I truly believe we are living a flashpoint moment. The idea of addressing systemic changes within society requires mobilization and action by young people of various cultures and ethnic groups, and yes, white people are crucial to this movement. My student was letting me know the American white mind is awakening. However, in this woke state, M added, "I recognize it should not be the job of black people in America to teach white people about systemic racism and how it has fueled the issues of police brutality and our corrupt criminal justice system." This is the reflection of an awakening mind filled with fire and passion, ready to dismantle the old power structures in search of something more equitable for us as human beings.
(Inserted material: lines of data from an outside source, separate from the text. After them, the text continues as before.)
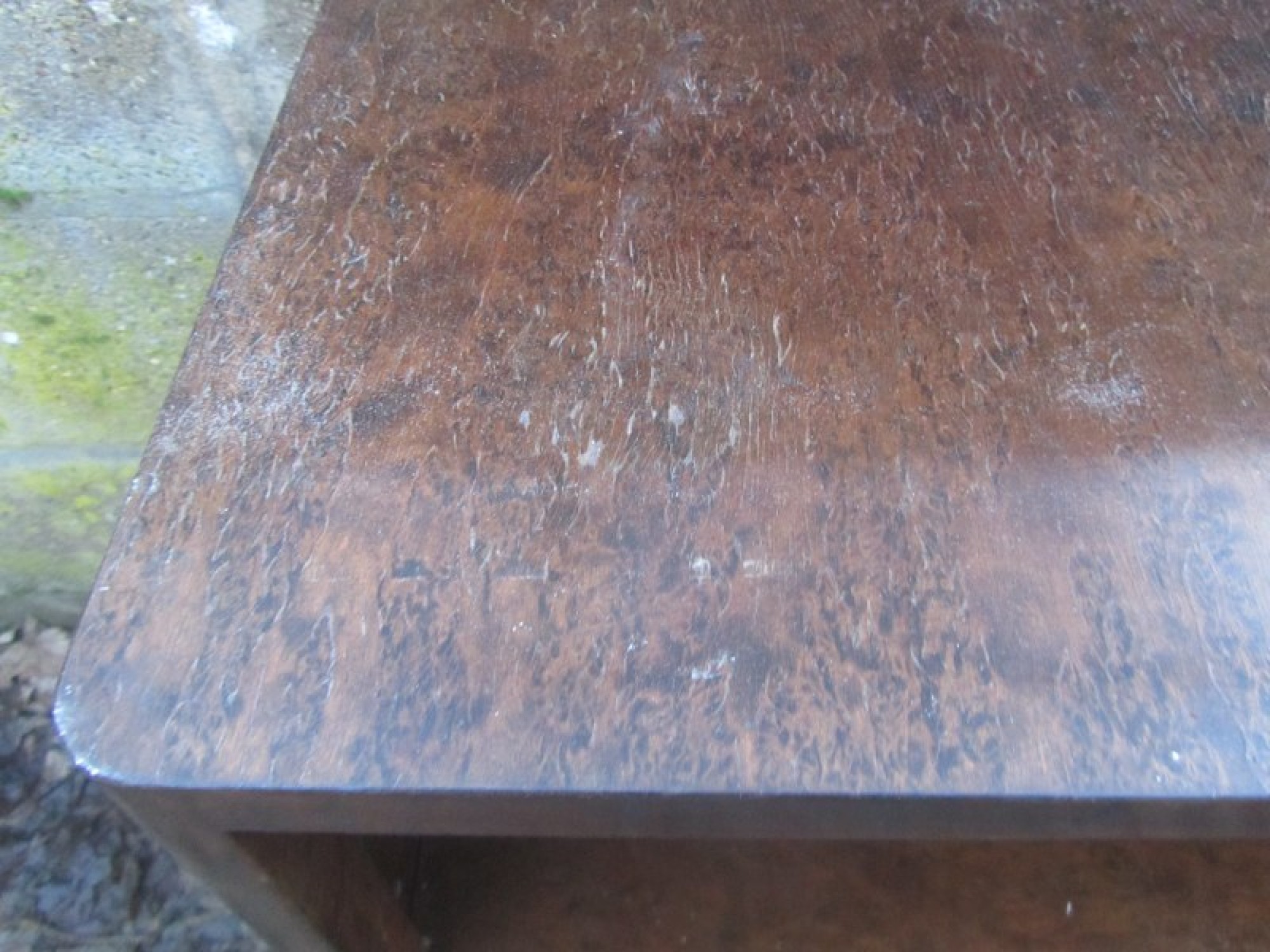 THIS IS A BURR WALNUT VENEERED CABINET. INSIDE THERE ARE WOODEN SHELVES. A SIMPLE PIECE, IDEAL FOR DISPLAYING CHINA, TROPHIES, COLLECTIONS etc. THE VENEER IS FADED AND WORN.
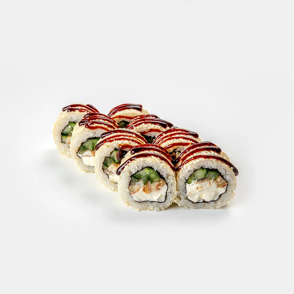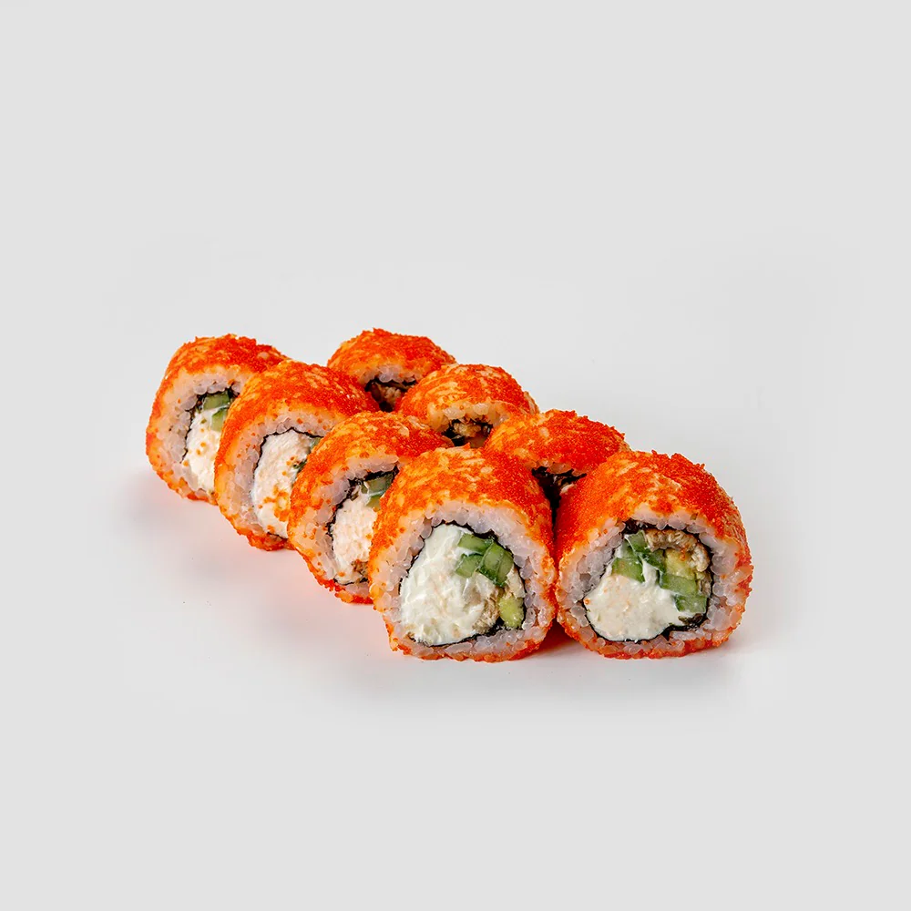 Угорь, тобико, дайкон маринованный, огурец, сливочный сыр
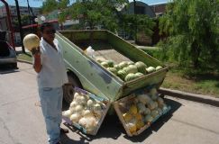Parado en la esquina de la escuela Nicolás Avellaneda, el hombre ofrece diariamente su mercadería. Sandías y melones “de los mejores”.
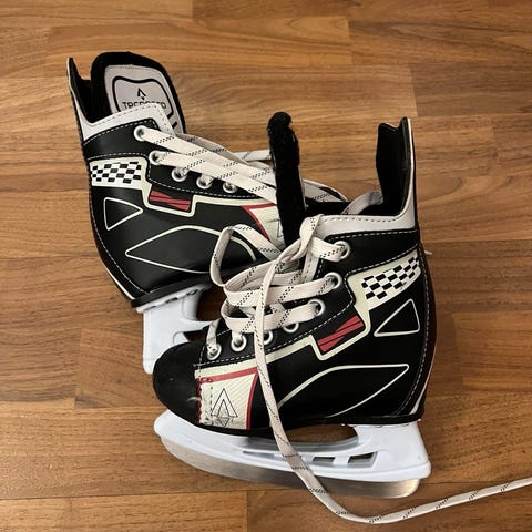 Tecnopro Jääkiekko luistimet lasten koko 27. Luistimet ovat mustavalkoiset ja sopivat jääkiekon harrastamiseen.
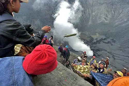 А индонезийцы, живущие у горы Бромо, которую мы уже видели, изобрели целый праздник, во время которого собирают вулканические «бомбы», выброшенные «духом горы». Эти находки, как они верят, приносят счастье.
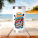 Front and center is the funky, feel-good quote, wrapped in sunny beach elements: a cool cartoon sun rocking shades, swaying palm trees, vintage surfboard, rolling ocean waves, and cheerful tropical accents like starfish and hibiscus blooms. It’s a whole summer mood — radiating happiness, heat, and high tides.
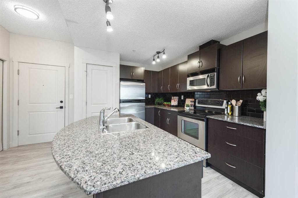Welcome to Gateway Garrison Green, a beautifully designed, pet friendly, QUIET, CONCRETE-BUILT building, walking distance to Mount Royal University, lush parks and Lincoln Park Shopping Centre, offering a great array of convenient coffee shops, services and restaurants! This is low-maintenance, high-style living in a great community—exactly what you’ve been looking for – perfectly suited for a first-time buyer or savvy investor. This move-in ready suite features freshly painted neutral walls, new luxury vinyl flooring throughout, high 9’ ceilings and a bright, inviting, open-concept layout. The spacious floor plan is perfect for working or studying from home and the large kitchen and dining area make it easy to host family and friends on weekends. The modern kitchen has stylish details including GRANITE countertops, quality cabinetry, pantry and STAINLESS-STEEL appliances. Step outside to the quiet & PRIVATE BALCONY (including gas BBQ hook-up), surrounded by tranquil views of the inner courtyard with its mature trees – a wonderful space to enjoy your peaceful morning coffee or evening wind-down! 4 piece main bath with soaker tub, IN-SUITE LAUNDRY plus a TITLED UNDERGROUND PARKING stall with extra storage completes the package. The condo fees include HEAT, WATER, and ELECTRICITY, making this a worry-free living experience! The building features outstanding resident amenities including a massive gym conveniently located near the unit, a book exchange, on-site management, a guest suite—an incredible bonus that means you can host friends and family without sacrificing your own space, spacious lounge that can be rented for private functions, bike storage and visitor parking. The location can’t be beat – easy access to major transit corridors & public transit options. Call now to book a private showing!
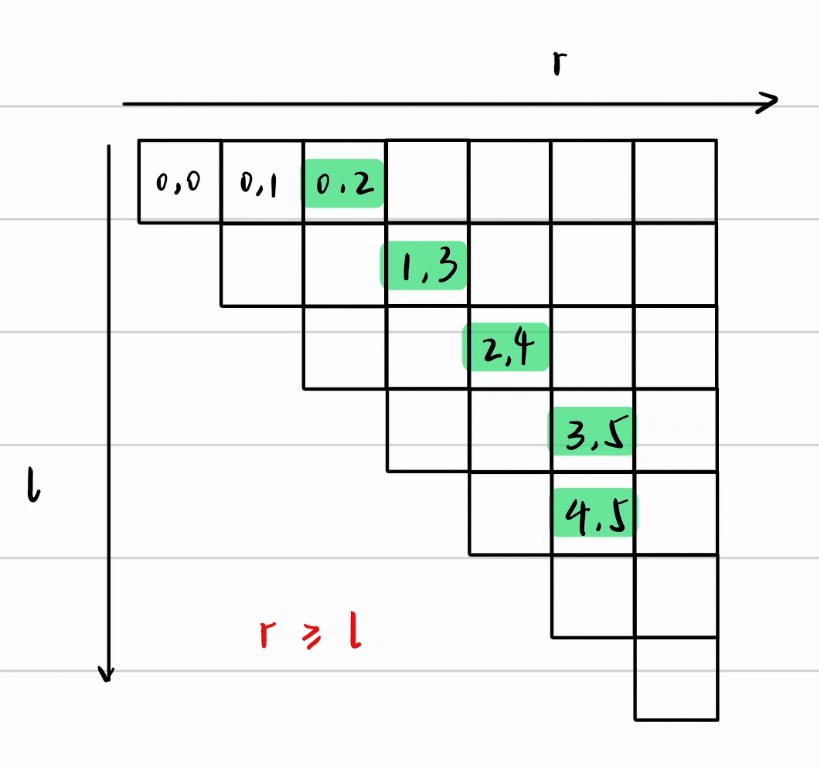 观察这张图,我们用二维表来记录不同的(l,r)所对应的case
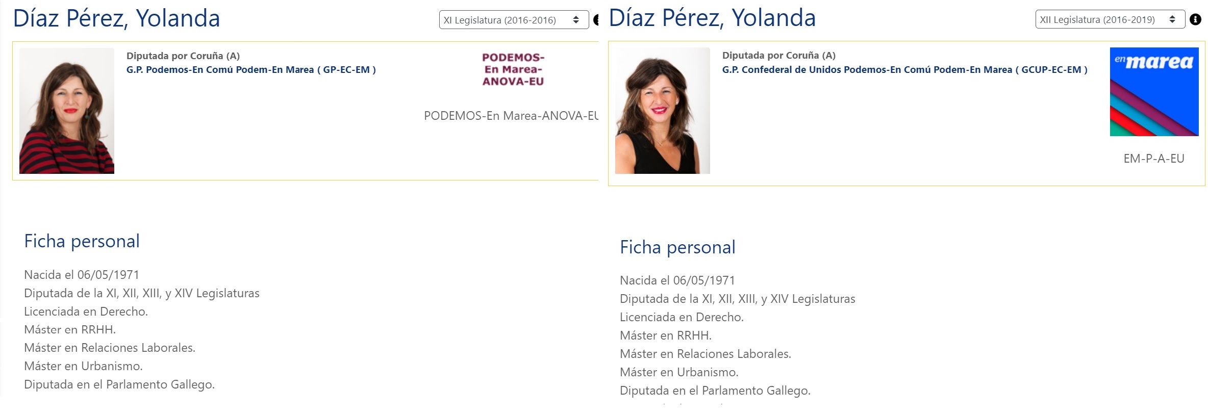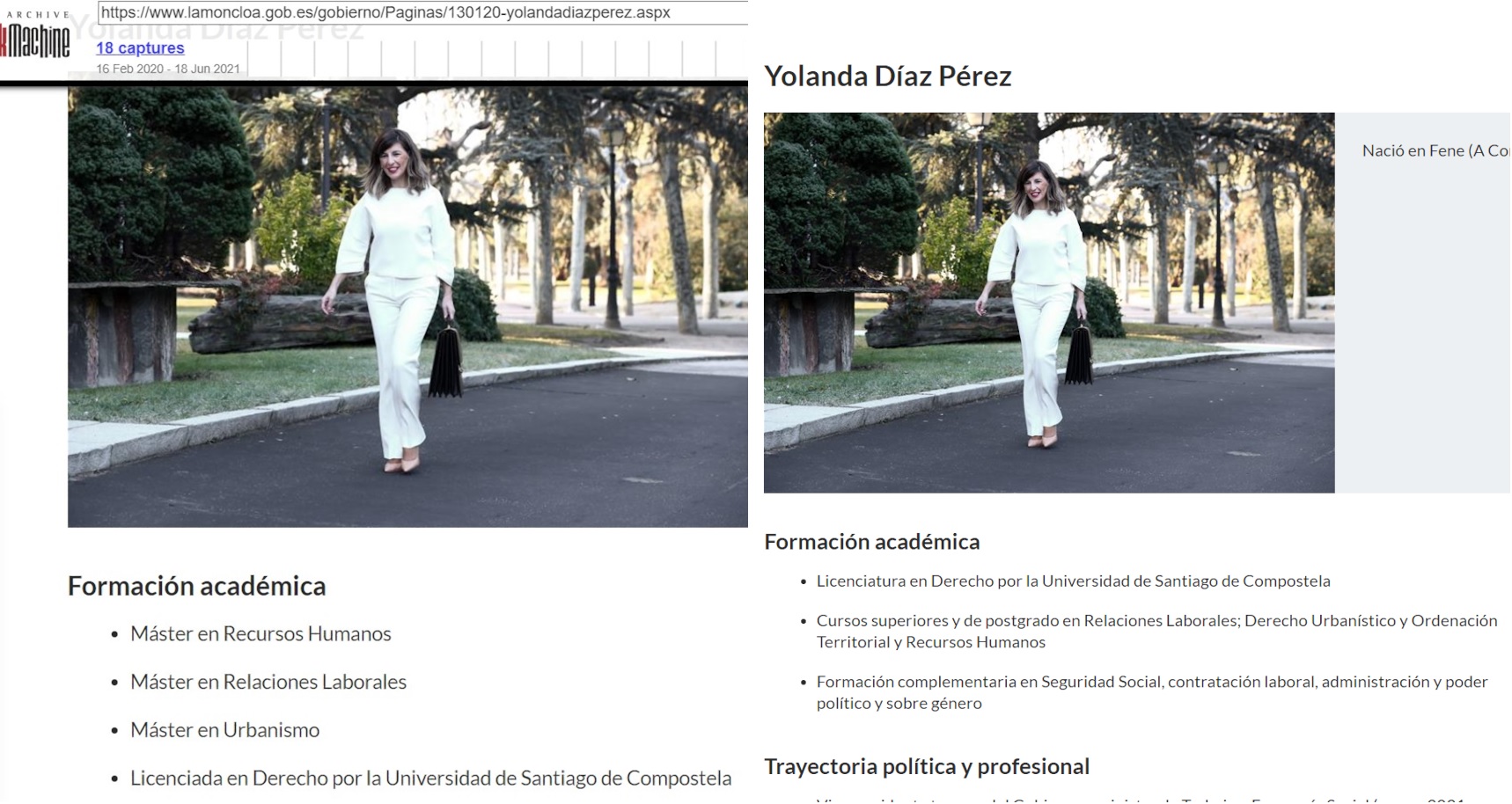 Cronológicamente, la primera aparición de los tres másteres falsos de Yolanda Díaz de la que queda testimonio está en la página web del Congreso de los Diputados. En su currículum oficial de la XI legislatura (duró unos meses de 2016), en la que se estrenaba como diputada nacional, y en el de la XII legislatura (2016-2019) aparecen sus másteres en Recursos Humanos, Relaciones Laborales y Urbanismo.
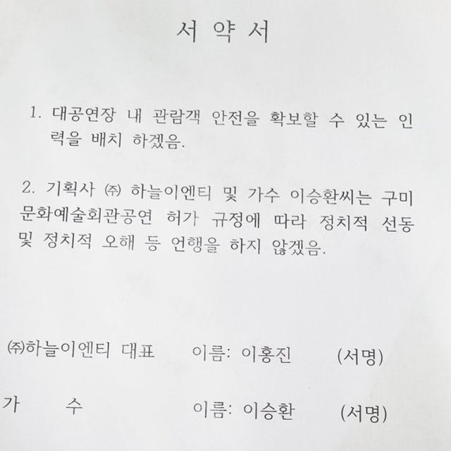 특히 이승환은 구미시 측의 '안전을 위한 결정'이라는 말에 동의할 수 없다며, 이들이 공연을 취소한 진짜 이유가 '서약서 날인 거부'에 있다고 주장했다. 이승환은 "회관은 지난 20일 공연 기획사에 공문을 보내 기획사 대표와 가수 이승환에게 '구미문화예술회관공연 허가 규정에 따라 정치적 선동 및 정치적 오해 등 언행을 하지 않겠음'이라는 서약서에 날인할 것을 요구했고, '미 이행시 취소할 수 있음'을 언급했다"라며 "대관규정 및 사용허가 내용에 전혀 존재하지 않는 서약서 작성 요구를, 그것도 계약 당사자도 아닌 출연자의 서약까지 포함해 대관일자가 임박한 시점에 심지어 일요일 특정 시간(12월 22일 오후 2시)까지 제출하라고 부당한 요구를 했다. 이에 저는 법무법인을 통해 서명 의사가 없다는 점을 밝혔다"라고 설명했다.

M has read several critical and creative texts on the Black experience and the effects of racism on a society, allowing her to formulate an opinion rooted in understanding. M has listened deeply to the experiences of those who consistently feel a never-ending pain inflicted by the original sin of slavery. It is apparent that M holds on to the quote I frequently use in class by the poet/writer Audre Lorde, which emphatically asserts, "Your silence will not save you." Between M's freshman and senior year, years that have allowed the killing of unarmed Black people to be displayed through national media outlets — a transformation — an awakening took place. Unwittingly, through her correspondence, M was informing her former professor that we are living in what James Baldwin described as "the fire next time" — and the time is now if the American experiment is to succeed.

By Randall Horton

Randall Horton is the author of "{#289-128}: Poems," which received the 2021 American Book Award; "Dead Weight: A Memoir in Essays;" "Hook: A Memoir," which received the Great Lakes College Association 2017 Award for Creative Nonfiction; and three additional poetry collections. The recipient of a National Endowment of the Arts Fellowship in Literature, Horton is a Cave Canem Fellow and a member of the Affrilachian Poets, as well as the experimental performance group Heroes Are Gang Leaders, which received the 2018 American Book Award in Oral Literature. He is the co-creator of Radical Reversal, a poetry/music band dedicated to challenging systemic injustice in the American legal system through the installation of recording studios and creative/performance spaces as well as programming in Department of Correction facilities in the United States. Originally from Birmingham, Alabama, he now resides in New Jersey and is a Professor of English at the University of New Haven.